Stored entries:
== == ==
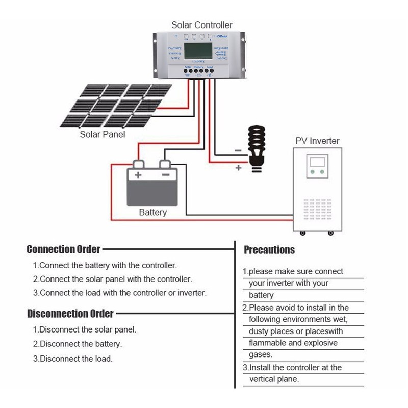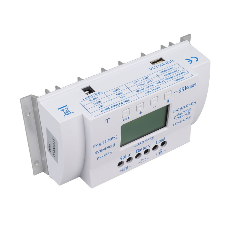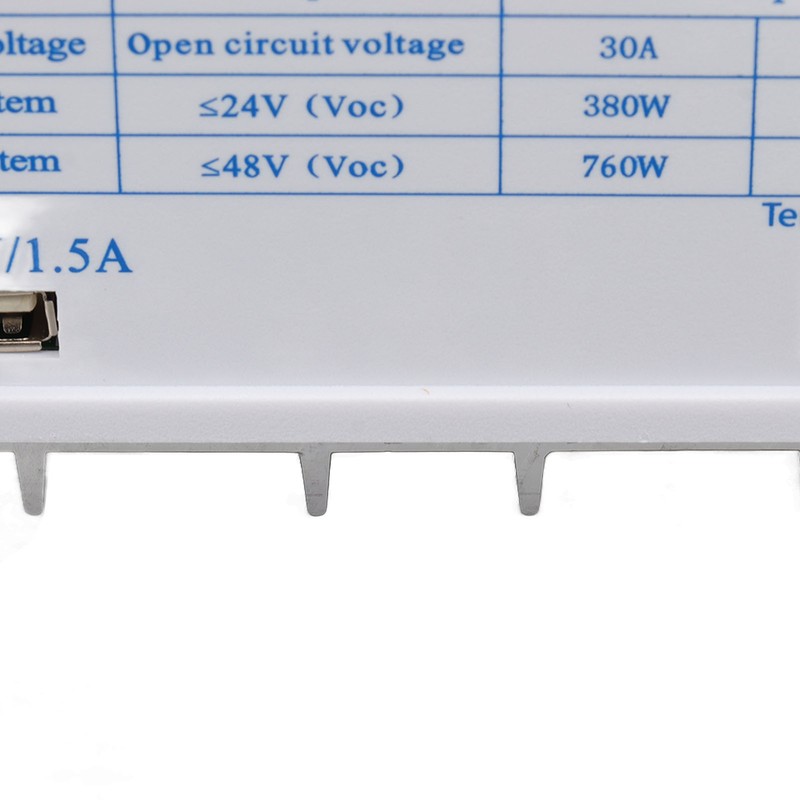 1、Low Power Consumption: The power supply adopts ultra low power consumption chips to reduce static standby power consumption and energy consumption. 2、High Efficiency: This is a compatible MPPT intelligent efficient charge controller, it has efficient charging function to automatically track the maximum power point, 10%‑30% higher than the ordinary controller charging efficiency. 3、Real Time Display: All kinds of real time data are displayed on a display screen, which is convenient for users to check at a glance. 4、Good Heat Dissipation: This solar charge controller is used for USB 5V output for mobile phone and fan charging, dual period control mode, and good heat dissipation performance. 5、Excellent Performance: This solar controller is made of premium aluminum and ABS, it is sturdy and durable, with excellent performance and long service life.
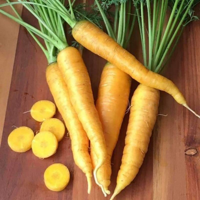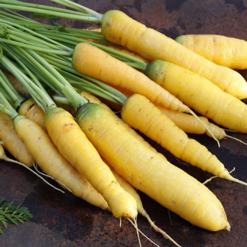 🥕✨Solar Yellow Carrot has a bright yellow color that will pop on any plate and a crisp sweet flavor to match! Solar Yellow grows 7-8-inch roots in a tapered shape and is rich in the healthy antioxidant xanthophyll. This buttery-yellow carrot has an earthy sweet flavor with delicious notes of celery and parsley, making it the perfect choice for raw snacking, juicing, roasting, glazing, or blending into soups and sauces! Carrots are a rich source of beta carotene, fiber, vitamin A, potassium, and antioxidants.
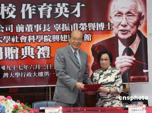 六月二日,辜振甫的遺孀辜嚴(yán)倬云替他完成遺愿,捐贈(zèng)臺(tái)灣大學(xué)社會(huì)科學(xué)院興建圖書館。圖為臺(tái)灣大學(xué)校長(zhǎng)李嗣涔向辜嚴(yán)倬云致贈(zèng)感謝狀。中新社發(fā) 耿軍 攝
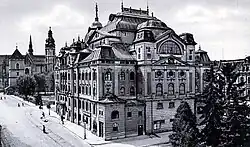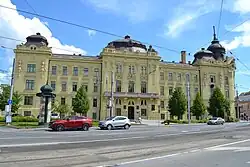 In 1828, there were three manufacturers and 460 workshops.[37] The first factories were established in the 1840s (sugar and nail factories). The first telegram message arrived in 1856, and the railway connected the city to Miskolc in 1860. In 1873, there were already connections to Prešov, Žilina, and Chop (in today's Ukraine). The city gained a public transit system in 1891 when the track was laid down for a horse-drawn tramway. The traction was electrified in 1914.[37] In 1906, Francis II Rákóczi's house of Rodostó was reproduced in Košice, and his remains were buried in the St. Elisabeth Cathedral.[38]
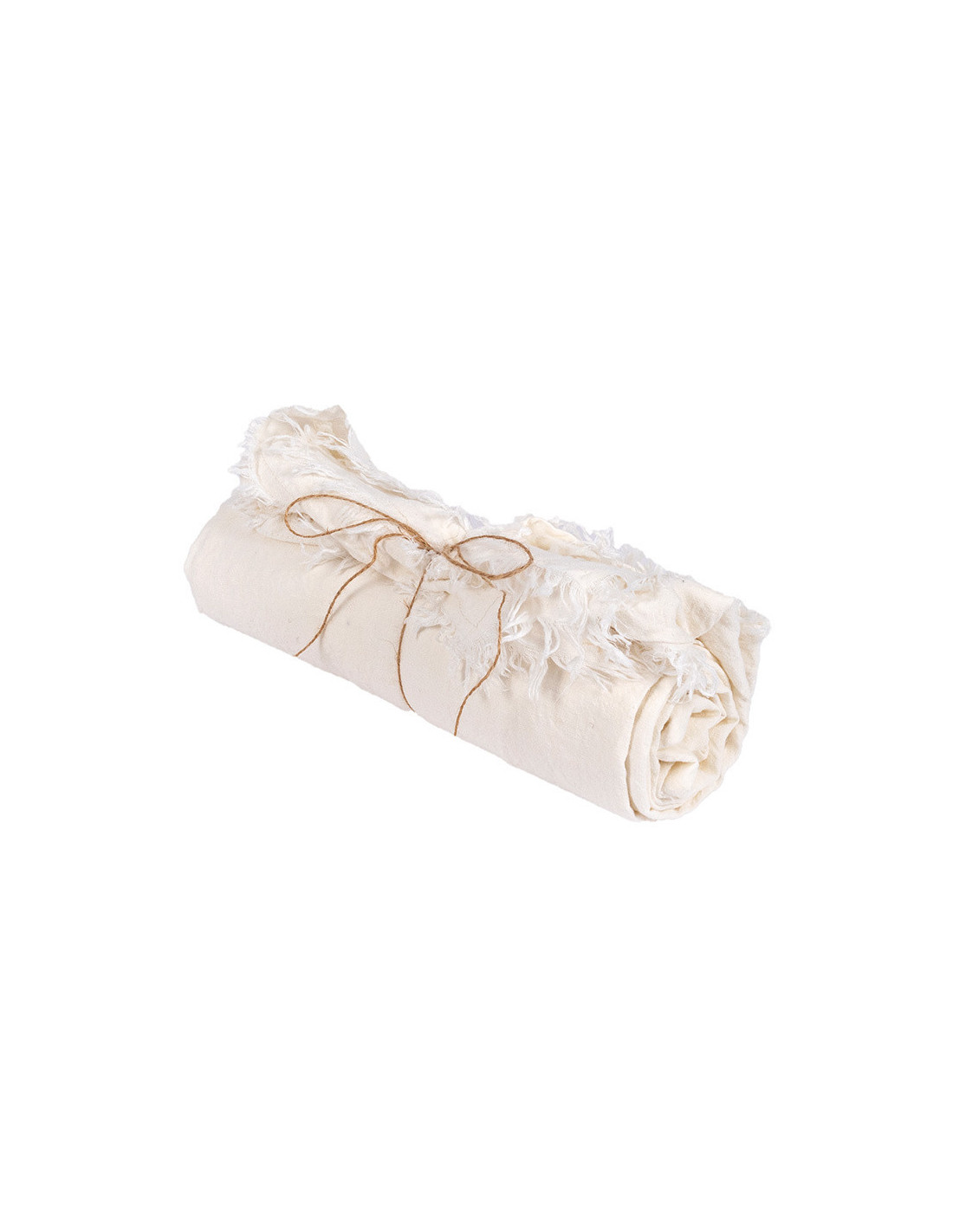 Nappe originale Bohème chic Carrée 150x150 en Lin Blanc Avec franges The Linen
== == ==
DIRECTIONS FOR THIS TASK
Any picture found in the data is to be skipped while the rest is copied exactly.

RESULT BELOW
 1、Low Power Consumption: The power supply adopts ultra low power consumption chips to reduce static standby power consumption and energy consumption. 2、High Efficiency: This is a compatible MPPT intelligent efficient charge controller, it has efficient charging function to automatically track the maximum power point, 10%‑30% higher than the ordinary controller charging efficiency. 3、Real Time Display: All kinds of real time data are displayed on a display screen, which is convenient for users to check at a glance. 4、Good Heat Dissipation: This solar charge controller is used for USB 5V output for mobile phone and fan charging, dual period control mode, and good heat dissipation performance. 5、Excellent Performance: This solar controller is made of premium aluminum and ABS, it is sturdy and durable, with excellent performance and long service life.
 🥕✨Solar Yellow Carrot has a bright yellow color that will pop on any plate and a crisp sweet flavor to match! Solar Yellow grows 7-8-inch roots in a tapered shape and is rich in the healthy antioxidant xanthophyll. This buttery-yellow carrot has an earthy sweet flavor with delicious notes of celery and parsley, making it the perfect choice for raw snacking, juicing, roasting, glazing, or blending into soups and sauces! Carrots are a rich source of beta carotene, fiber, vitamin A, potassium, and antioxidants.
 六月二日,辜振甫的遺孀辜嚴(yán)倬云替他完成遺愿,捐贈(zèng)臺(tái)灣大學(xué)社會(huì)科學(xué)院興建圖書館。圖為臺(tái)灣大學(xué)校長(zhǎng)李嗣涔向辜嚴(yán)倬云致贈(zèng)感謝狀。中新社發(fā) 耿軍 攝
 In 1828, there were three manufacturers and 460 workshops.[37] The first factories were established in the 1840s (sugar and nail factories). The first telegram message arrived in 1856, and the railway connected the city to Miskolc in 1860. In 1873, there were already connections to Prešov, Žilina, and Chop (in today's Ukraine). The city gained a public transit system in 1891 when the track was laid down for a horse-drawn tramway. The traction was electrified in 1914.[37] In 1906, Francis II Rákóczi's house of Rodostó was reproduced in Košice, and his remains were buried in the St. Elisabeth Cathedral.[38]
 Nappe originale Bohème chic Carrée 150x150 en Lin Blanc Avec franges The Linen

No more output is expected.